The Baptism of Our Lord icon at Novo-Tikhvinsky Convent

The Baptism of Our Lord icon at Novo-Tikhvinsky Convent

Hi, Gang!

The Uniform Series International Bible Lesson for Christian Teaching lesson for this morning is John 17:6-21, in which Jesus says “Holy Father, protect them in your name that you have given me, so that they may be one, as we are one.” (v. 11) and “I ask not only on behalf of these, but also on behalf of those who will believe in me through their word, that they may all be one.” (v. 20-21)

The commentaries for the day for Sunday school teachers are all about Christian unity. Like, should we have denominations, and should the denominations split over things like marriage equality or is this against the explicit command of Jesus Christ. (This was one of the commentaries I know someone in the class will have read.)

It seems to me we (at least, the folks in my class; ok, I) have no clue what the speech in these verses means. I am one of those people who is supposed to know things, and mainly what I know is that I am completely baffled, as I am most of the time when I read the Gospel of John beyond the little snippets that get into the Revised Common Lectionary. This text is mysterious and obscure, and I wish more people would just admit it.
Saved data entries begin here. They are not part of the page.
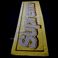 Over 4000 grails sold, buy with confidence - Pre-owned, excellent condition. Used for display only but does have a few little marks. - Very rare S/S 2013 release - Made of white cotton terry cloth - Giant printed 3D effect Supreme 'bling' box logo - Measures 45" x 15.75" Guaranteed 100% authentic and genuine. All photos were shot by me. They are not stock photos.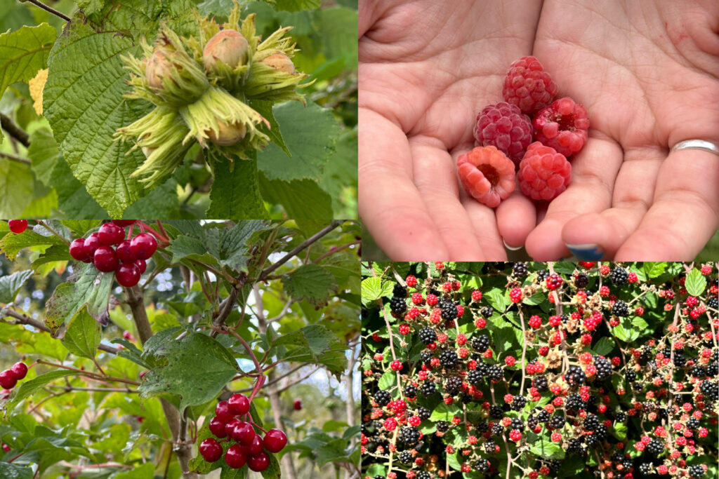 The fields we’re walking through are dusty and caked dry. Brambles chaotically clamber through hedgerows with black berries ripening – some are ready to eat and make good snacks. The Littlest finds an ‘escaped’ raspberry bush laden with perfectly ripe fruit along one stretch. Guelder rose berries gleam red amidst the dense green alongside clusters of cobnuts ripening – a rich bounty for wildlife.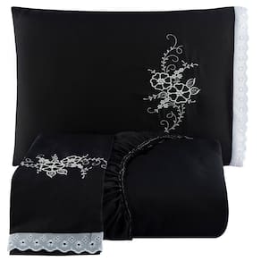 Jogo De Cama Lençol Casal Bordado Advance 3 Peças - Preto

Assuming for the moment that Jesus actually said this or something like it, I really doubt that what “we” mean by “unity” is what Jesus was talking about here, and it’s not clear to me we have the adequate language to get a whole lot closer. I don’t think he is talking about agreement on doctrinal issues; I don’t think he is talking about organizational boundaries and policies; I don’t think he is talking about living arrangements or labels or church attendance or worship practices. Maybe he is talking about something like “the harmonious agreement of parts or elements into one united whole” or “the arrangement of parts into a homogeneous whole exhibiting oneness of purpose, thought, spirit, and style; the subordination of all parts to the general effect” that is aesthetic unity; or maybe he is talking about something like “singleness or constancy of purpose, action, etc.” that is dynamic, functional unity.
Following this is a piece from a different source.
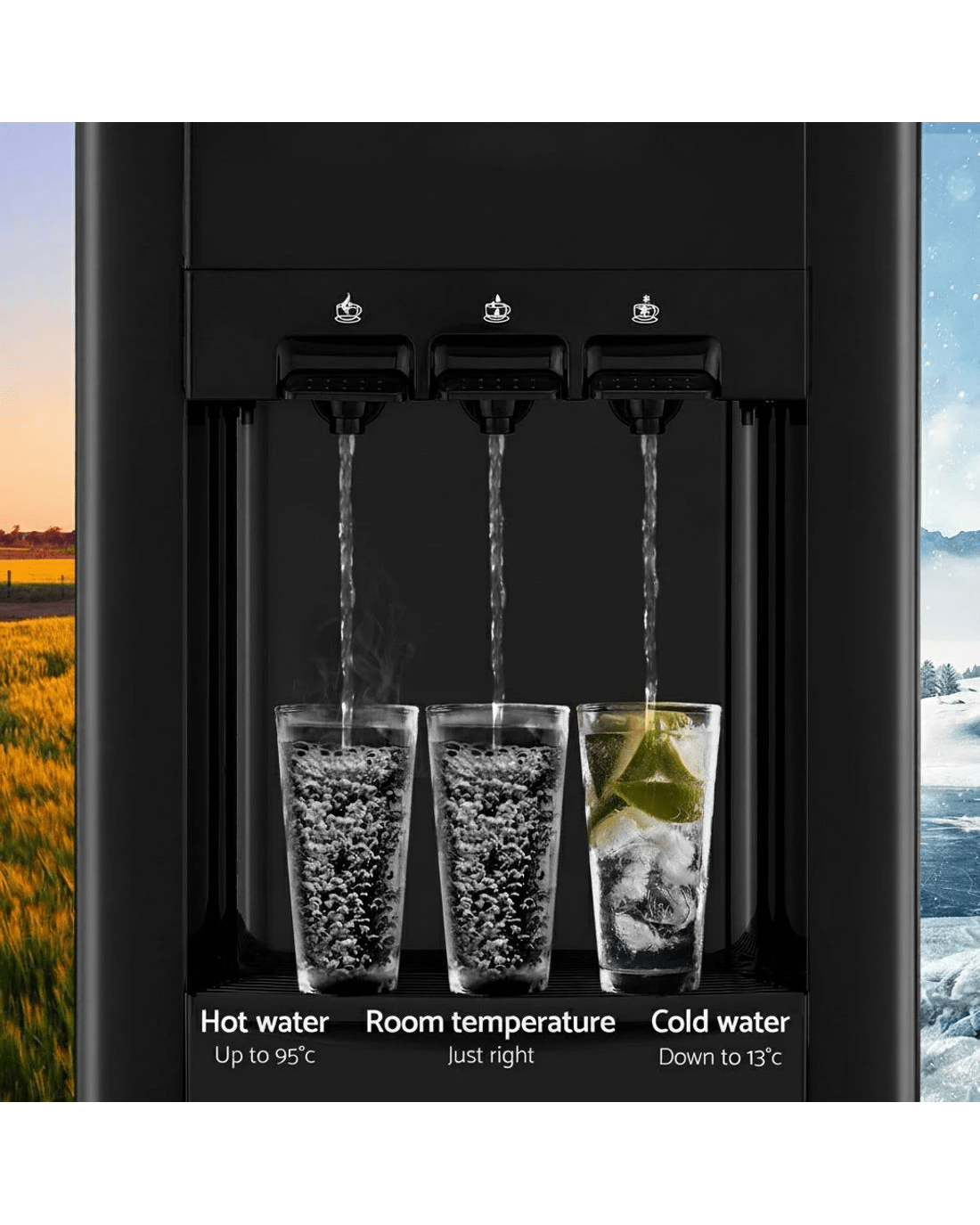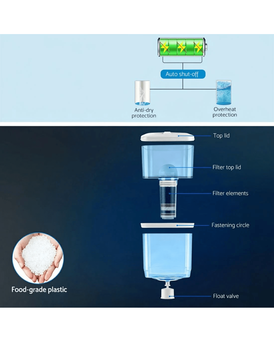 Filtered, clean and pure water on demand. With the Devanti Countertop Water Cooler, it could not be any easier. The large 22-litre water purifier container ensures that ample drinking water is always on call without hassle. Better still, the food-grade plastic container is refillable to ensure you can always have water anytime without having to wait for delivery of bottled water. Thanks to its 7-stage filtration system with two replacement filters that ensures your water tastes great and free of harmful chemicals and impurities. The cooler comes with three taps to deliver water at hot, cold or room temperature options. Plus, the cooler also comes with a smart detachable water guide plate that allows you to use bottled water if needed. The cooler is designed for safe use with protection against overheating, over-current, drying out and electric shocks. Not least, the cooler can be placed on any counter top for convenient use and the anti-slip feet ensure that the ensemble stays firmly in place.

But honestly, I suspect that he is talking about something that is more mystical than that, less congenial to our everyday rational mode of thinking, and is more like whatever the reality is that from time to time produces the sense that, in one’s or the group’s thought, feeling and action a kind of acting-out of a larger self or narrative is taking place. (OK, so maybe I lied when I said we don’t have adequate language to get closer … since this enterprise of getting closer is almost the whole point of language … but I still don’t think this is really that close …)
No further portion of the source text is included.